Um poema antigo descrevia vividamente a fragrância subtil das orquídeas. Algumas flores de orquídea são dignas e bonitas, outras são majestosas e luxuosas, e estão cheias de mudanças. As folhas das orquídeas são verdes e frescas durante todo o ano, são simultaneamente rígidas e suaves, têm uma postura graciosa e são como uma obra de arte viva, mesmo quando não estão a florescer.
Ter alguns vasos de orquídeas a adornar uma sala torna o espaço mais animado. No dia em que as flores desabrocham, a fragrância é contínua, fazendo-nos sentir cheios de vitalidade e relaxados.
Comestível
A fragrância das orquídeas é clara e pura. As orquídeas são frequentemente utilizadas no chá, podem também ser utilizadas para fumar chá; podem também ser utilizadas em sopas e outros pratos.
Medicinal
De acordo com os registos, todas as partes da planta da orquídea podem ser utilizadas medicinalmente. É de natureza neutra, com um sabor pungente, doce e não tóxico. Tem efeitos como nutrir o yin e humedecer os pulmões, promover o metabolismo da água e a desumidificação, e eliminar o calor e a desintoxicação.
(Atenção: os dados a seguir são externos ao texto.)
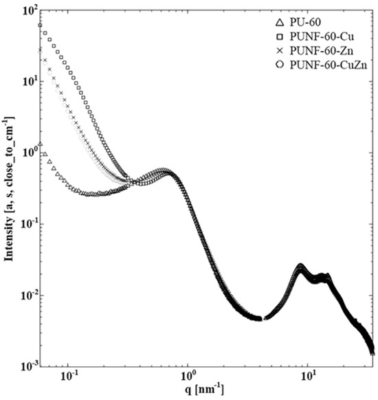 Figure 2, which covers the entire SWAXS experimental region, shows that the scattering curves were hardly distinguishable up to the first maximum, i.e., q = 1 nm−1. The differences were highlighted when the scattering of the pure PU-60 system was subtracted. At the lowest qs, it is evident that the system does not correspond to particles but rather to globular regions whose size was too large, so that only the tails of the SAXS scattering curves were visible; for this reason, we can only estimate some parameters and compare them between the materials. Table 3 shows the estimated values for the radius of gyration Rg [nm−1], the intensity at zero angle I0+, the slopes, the lamellar distance [nm], and the size of the domains from the first minimum R1m [nm]. It must be stressed that we are working with rough estimates, or rather pseudo-parameters, obtained under conditions far from those expected by SWAXS theory. However, our rough estimates are consistent with the interpretation in the literature. Most spectacular was a steep upward jump at I0+ and a downward jump at R1m. Both changes can be attributed to the use of heavy atoms as nanofillers. When using the position of the first minima, we must consider that the scattering when using nanofillers is the superposition of information from these and the original network. The lowest angular region of the PUNF-60-Cu curve was clearly different from the rest as it has two distinct slopes. This can probably be attributed to the higher roughness of the filler nanoparticles. This explanation is supported by the AFM results (see below) and the higher protein adsorption (see below), while the other parameters were similar to those of the other measured systems.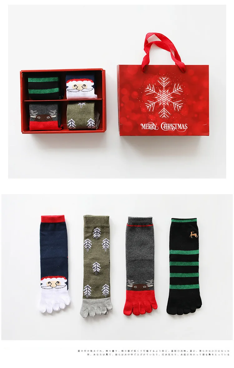wholesale custom 4 pairs/gift box Cartoon Holiday Gift socks Christmas five-finger socks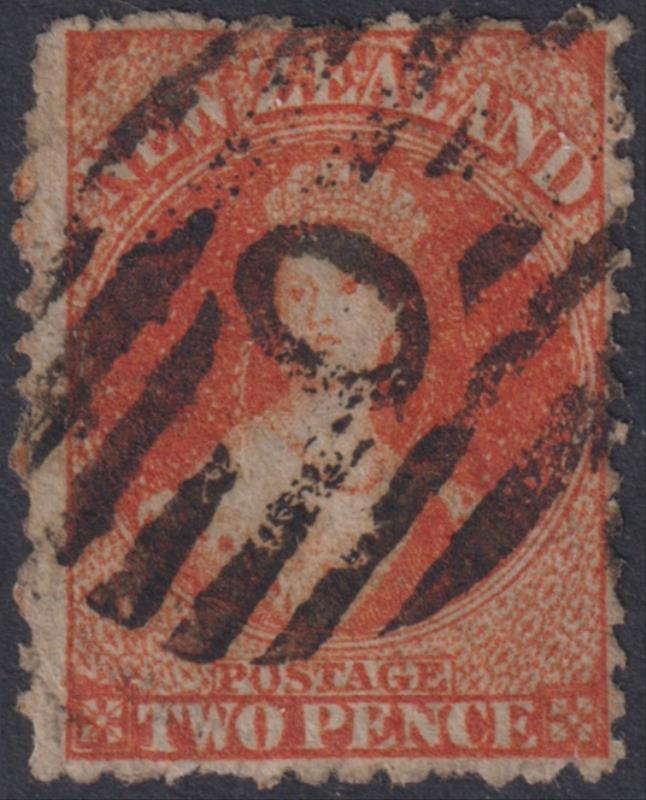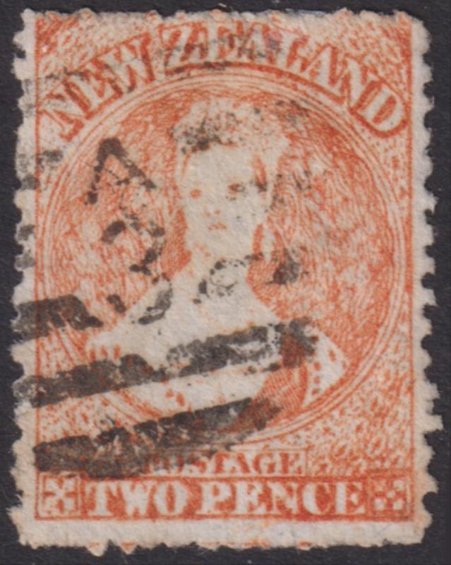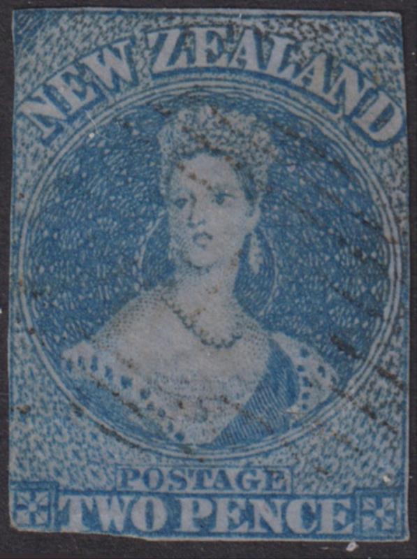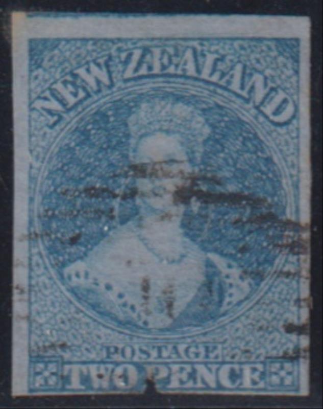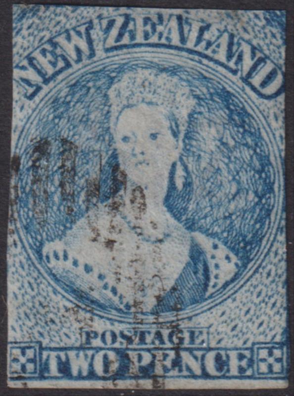 FFQ Chalon 2d pale blue, imperf 1 margin, NZ wmk, barred cancel, face clear. SG 98. Cat £350. FU. (Image)

Pode ser utilizada para várias doenças em medicina interna e ginecologia. A raiz pode tratar a tuberculose, abcessos pulmonares e entorses, e pode também ser utilizada para unir ossos; o caule da orquídea pode curar a micose.
Diz-se que a decocção da raiz de Cattleya é um excelente remédio para induzir o parto. As folhas tratam a tosse convulsa e podem tratar a energia deficiente dos pulmões (ou do fígado), o fruto pode parar os vómitos e as sementes tratam os problemas dos olhos.
A planta inteira da Hedyotis diffusa pode tratar doenças femininas; a planta inteira das orquídeas da primavera trata a neurastenia, as lombrigas e as hemorróidas. As pétalas da orquídea de coração branco podem induzir o parto. As pétalas secas ao sol da Hedyotis diffusa de coração branco também podem induzir o parto.
Flor da cidade
Desde os tempos antigos, os chineses adoram orquídeas, cultivam orquídeas, cantam sobre orquídeas e pintam orquídeas. Os antigos exclamaram uma vez, "olhar para as folhas é melhor do que olhar para as flores". As pessoas apreciam o carácter das orquídeas por fazerem companhia às plantas comuns, não competirem pela beleza com outras flores, não temerem a intimidação da geada e da neve e serem perseverantes.
As orquídeas foram sempre consideradas como símbolos de elevação e elegância e, juntamente com as flores de ameixa, o bambu e os crisântemos, são coletivamente conhecidas como os "Quatro Cavalheiros".
Orquídea Língua das flores
Na China, as orquídeas representam a feminilidade das mulheres, o temperamento das orquídeas, e os homens são gentis e elegantes, indiferentes à fama e à fortuna. A sua linguagem floral é a altivez, a elegância, a beleza, a virtude e a indiferença. Na linguagem floral estrangeira, representa a amizade, a paixão e a confiança.